X is a point 7cm from the center of circle O with radius 9 cm. AXB is a chord of the circle such that AX= 2 XB. Find the length of AB.

For the chord AB

k=mXB
2k=mAX

We will construct diameter CD such that X lies on CD.
Now CX=9+7=16 cm, XD=9-7=2 cm

Using the theorem of intersecting chords (AB and CD), we have
16*2=k(2k)
Solve for k.

To find the length of AB, we can use the Pythagorean Theorem and some algebra.

Let's label the center of the circle O and the point where the chord AXB intersects the circumference of the circle as C.

First, we find the length of OC, which is the radius of the circle. Given that the radius of the circle is 9 cm, OC = 9 cm.

Then, we can find the length of AC. Since X is a point 7 cm from the center of the circle, AC = OC - AX = 9 cm - 7 cm = 2 cm.

Now, let's focus on the chord AXB. We are told that AX = 2XB. Let's label the length of XB as y. Therefore, AX = 2y.

Since Y is the midpoint of AXB, the length of AY is also y. And since AY = AC - CY, we have y = AC - CY.

Substituting the values we know, we get y = 2 cm - CY.

Now, let's consider triangle ACY. Using the Pythagorean Theorem, we have AC^2 = AY^2 + CY^2.

Since we know AC = 2 cm and AY = y, we can substitute these values into the equation:

(2 cm)^2 = y^2 + CY^2.

Expanding this equation, we have 4 cm^2 = y^2 + CY^2.

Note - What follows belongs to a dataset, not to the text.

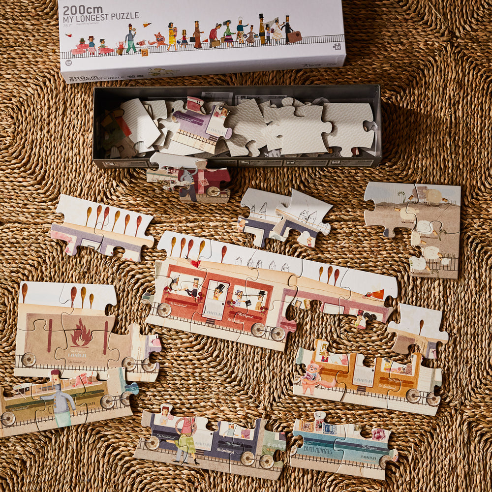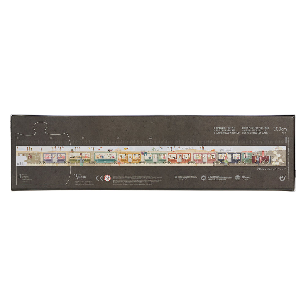 An amazing puzzle of a 2 meter long train! It's really long, this puzzle! 54 pieces and we keep it in a box that already hints at its shape.

Since we know that y = 2 cm - CY, let's substitute this into the equation:

4 cm^2 = (2 cm - CY)^2 + CY^2.

Expanding this equation, we have 4 cm^2 = 4 cm^2 - 4 cm * CY + CY^2 + CY^2.

Simplifying this equation, we get 4 cm^2 = 4 cm^2 - 4 cm * CY + 2 CY^2.

By canceling out the common terms, we get 0 = - 4 cm * CY + 2 CY^2.

Rearranging the terms, we have 2 CY^2 - 4 cm * CY = 0.

Factorizing the equation, we get 2 CY (CY - 2 cm) = 0.

Since we can't have a negative length for CY, we discard the CY - 2 cm = 0 solution and focus on CY = 0.

If CY = 0, then Y coincides with C, and thus A and B also coincide. In this case, the length of AB is zero.

Therefore, the length of AB is 0 cm.